• incident summary - Résumé de l'incident: Faulty NVME has to be replaced
• Start time - Heure de début: 14:30 CET 16/10/2017
• Impact - Périmètre affecté: Public Cloud
• Impact type / Type d'impact: Lowered performances
Update(s):
Date: 2017-10-17 12:57:40 UTC Data rebalanced.
Date: 2017-10-17 07:52:53 UTC 95 % of the data are rebalanced.
Date: 2017-10-16 22:32:44 UTC 45% of the data are rebalanced.
Date: 2017-10-16 16:34:12 UTC No issue on the new host.
We'll check rebalance progress during the evening.
Date: 2017-10-16 16:00:08 UTC Disks from the new hosts are in the cluster, data are rebalancing.

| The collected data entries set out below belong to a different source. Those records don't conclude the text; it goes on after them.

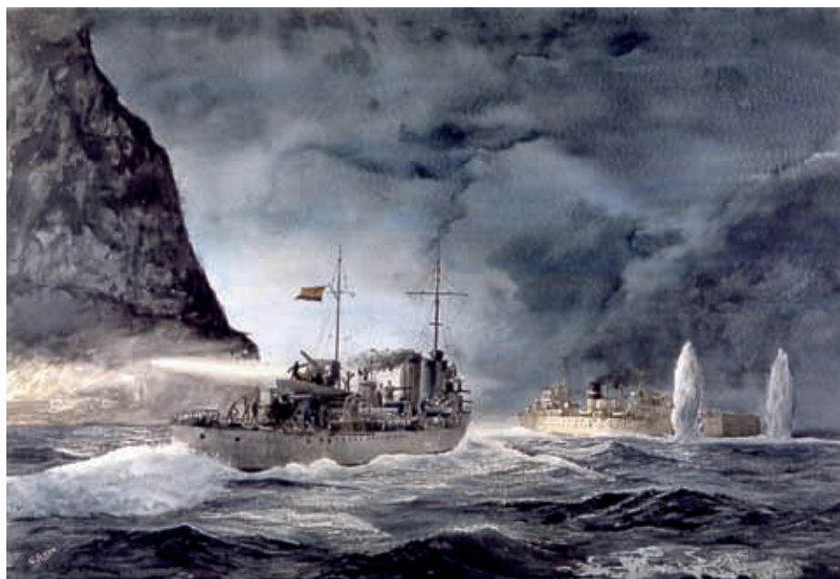
Combate del Vulcano y el José Luis Díez , 1936.
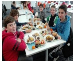
Repas de Noël
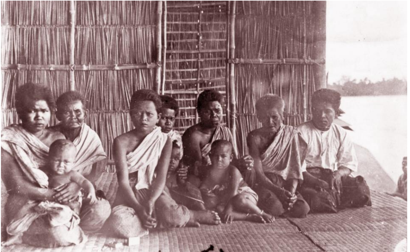
คนผมแดง อ.ชาณุวรลักษบุรี จ.กำแพงเพชร
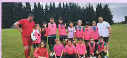
ETOILE SPORTIVE THEZIEROISE - EST
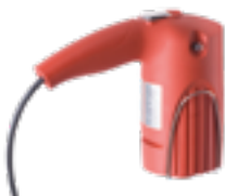
Moteur FEM 3070 (voir page 5)
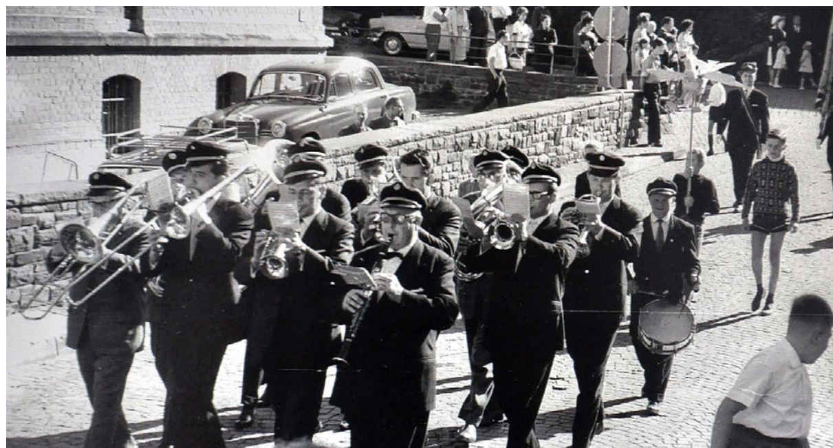
Die Musikvereinigung vor rund 50 Jahren beim Kirmesumzug auf der Aubrücke. Wann genau dieses Foto aus dem Archiv von Manfred Brandenburg entstanden ist, ist nicht bekannt, könnten aber Zeitzeugen wissen.

Die bereits 31. Musikwoche in Monschau beginnt am heutigen Donnerstag, 14. Juli, mit einer Straßenparade der Arnheband aus den Niederlanden in der Altstadt. Nach der offiziellen Eröffnung werden dann noch die gastgebende Musikvereinigung und die Eifelklänge aus Eicherscheid auf dem Markt zu hören und sehen sein.
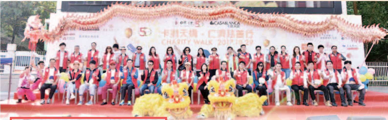
金龍及醒獅於台上與眾嘉賓合照

適逢今年仁濟50周年，為慶祝這個大日子，大會特別安排了龍獅共舞，為各參加者打氣之餘，亦祝願仁濟繼往開來，善款再創高峰，有更多光輝的50年！
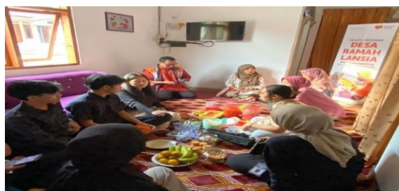
Foto 4 10 Penyuluhan
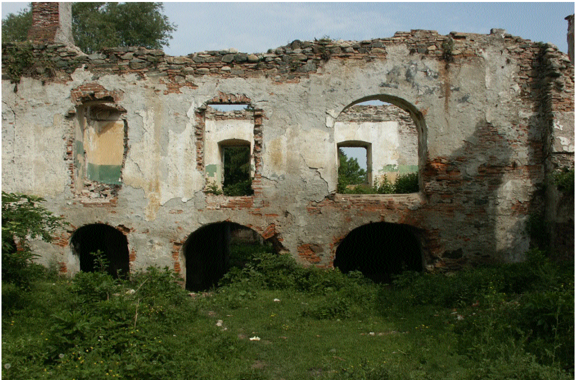
Curtea Cândeștilor, com. Râu de Mori, jud. Hunedoara (2003)
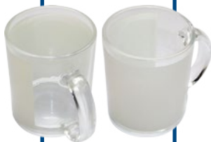
MUG 11ONZ CRISTAL
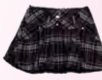
юбка Laura Biagiotti

Date: 2017-10-16 15:38:40 UTC Host crashed few minutes after after boot.
Disk removed from cluster, we are growing cluster with another host.
Date: 2017-10-16 15:22:02 UTC Host with nvme replaced just crashed, if the issue is not linked to the nvme we'll use another host to grow the cluster.
Date: 2017-10-16 15:01:56 UTC Disks added to the cluster, data are rebalancing.
Date: 2017-10-16 14:42:37 UTC Task started, disks will be within the clusters within few minutes.
Then data will have to rebalance.
Date: 2017-10-16 14:40:51 UTC Growing cluster by readding the \"missing\" disks.
Date: 2017-10-16 14:03:03 UTC NVME is being replaced, we'll be then able to readd disks to the cluster.
Date: 2017-10-16 13:07:22 UTC Data that only exists in 2 replicates are now being replicated a third time.
Date: 2017-10-16 13:04:42 UTC 8 of the 12 disks were still running, but 4 OSD still running seemed to slow the whole cluster.
We removed all the disks from the cluster.